## TASK INSTRUCTIONS:
Give the lines again exactly as they appear, from the first line of the listing through the line containing "先先和后后两个小孩围着瀑布的玻璃打转,各种奔跑欢笑。", and omit every picture.
----------------
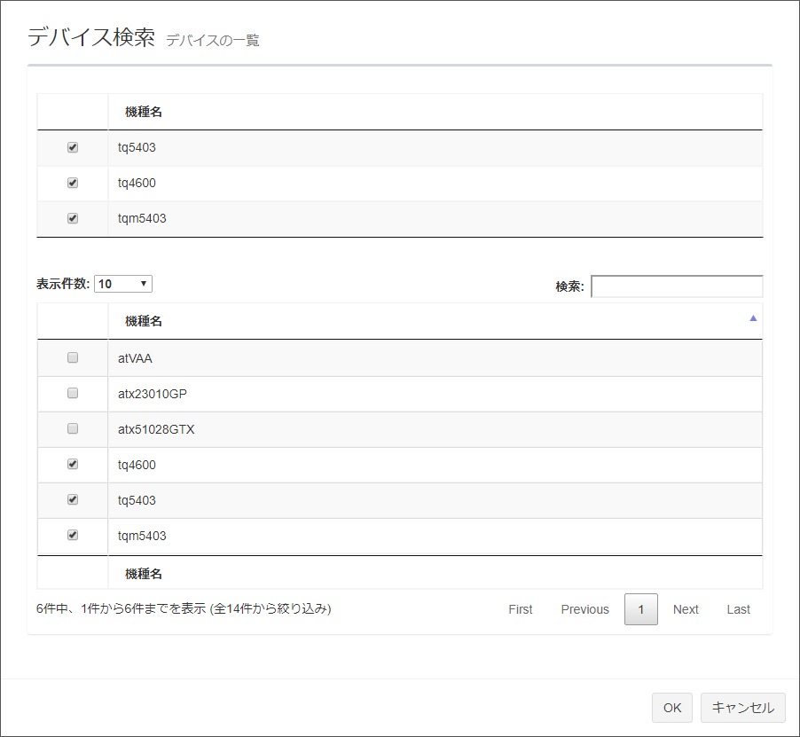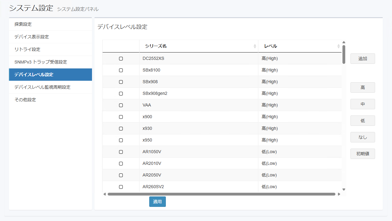 | 「高」、「中」、「低」、「なし」、「初期値」ボタン | 選択したシリーズに対して、デバイスレベルを設定します。 「初期値」を選択すると、シリーズごとのデフォルト設定に戻ります。「追加」ボタンから追加されたシリーズに対して「初期値」を選択すると、リストから削除されます(「なし」と同じ動作になります)。 |
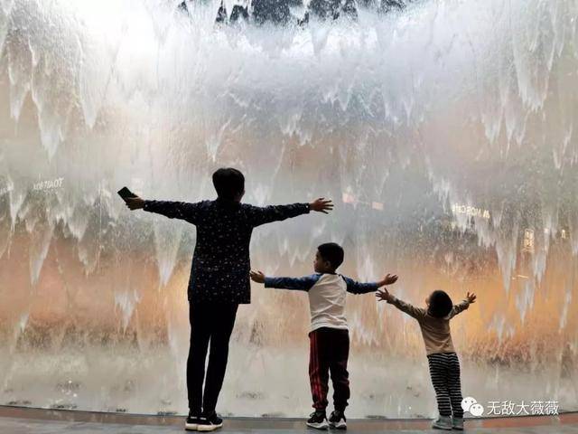 先先和后后两个小孩围着瀑布的玻璃打转,各种奔跑欢笑。
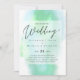 Modern wedding invitation featuring text template fields on both sides and a cloud of greeny blue colour.
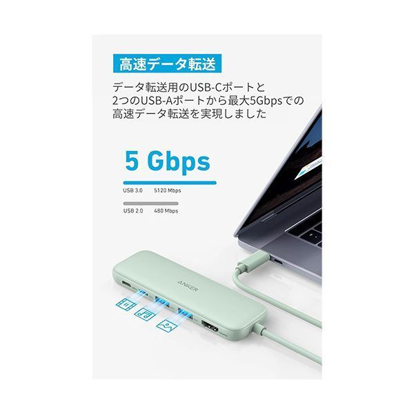 まとめ アンカージャパン ANKER 332 USB-Cハブ 5-in-1 PD 100 W対応 グリーン ×
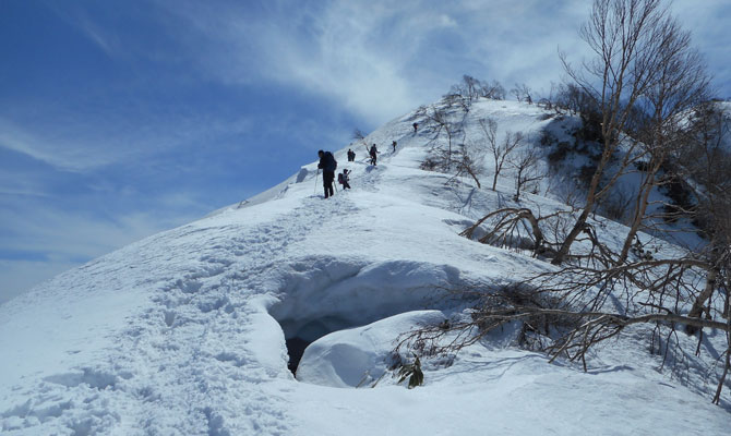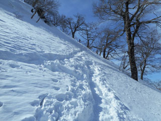 シャクナゲ平にはトラバースコースがあり、この時期ならでは。
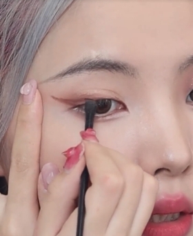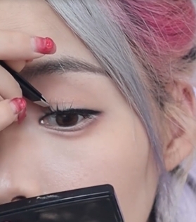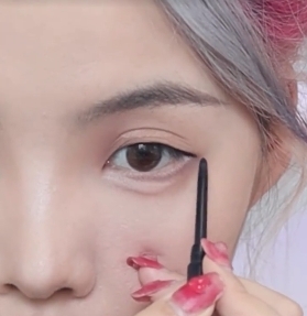 3.再拿出眼線膠筆,先沿著睫毛根部畫一條眼線出來,眼尾順著眼型自然下垂。
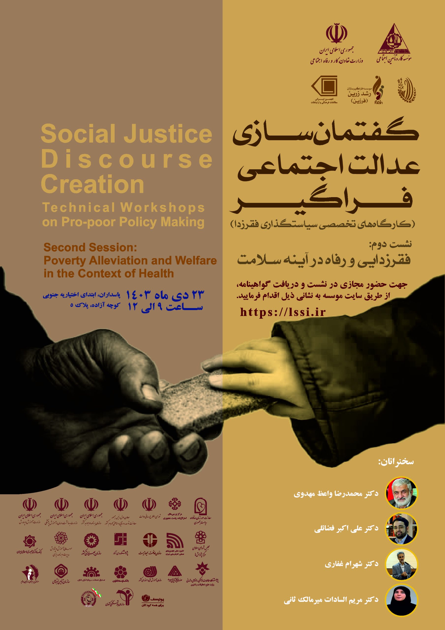 در دومین نشست از سلسله نشست‌های «گفتمان‌سازی عدالت اجتماعی فراگیر» که با همکاری وزارت تعاون، کار و رفاه اجتماعی٫ مؤسسه کار و تأمین اجتماعی و مؤسسه فرزین برگزار می‌شود، موضوع «فقرزدایی و رفاه در آینه سلامت» مورد بررسی قرار خواهد گرفت. این نشست در تاریخ ۲۳ دی ۱۴۰۳ برگزار می‌شود و بر نقش نظام سلامت در کاهش فقر و ارتقای رفاه اجتماعی تمرکز دارد.
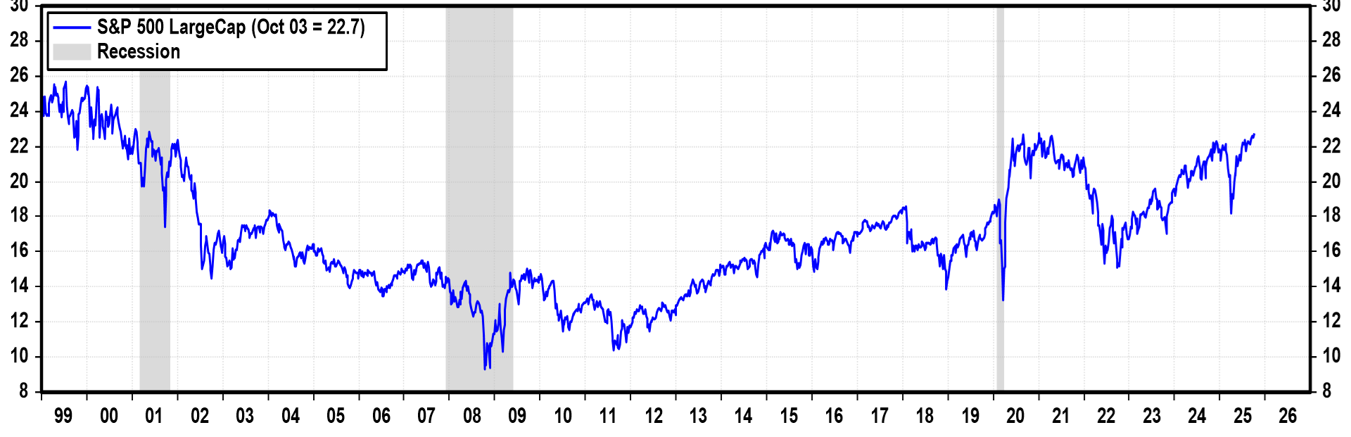 According to Yardeni Research data, the S&P 500 forward price-to-earnings multiple sits near 23 times, well below the 25 times peak seen in 2000, implying there is still room for multiple expansion under favorable sentiment.
----------------
## TASK OUTPUT:
 | 「高」、「中」、「低」、「なし」、「初期値」ボタン | 選択したシリーズに対して、デバイスレベルを設定します。 「初期値」を選択すると、シリーズごとのデフォルト設定に戻ります。「追加」ボタンから追加されたシリーズに対して「初期値」を選択すると、リストから削除されます(「なし」と同じ動作になります)。 |
 先先和后后两个小孩围着瀑布的玻璃打转,各种奔跑欢笑。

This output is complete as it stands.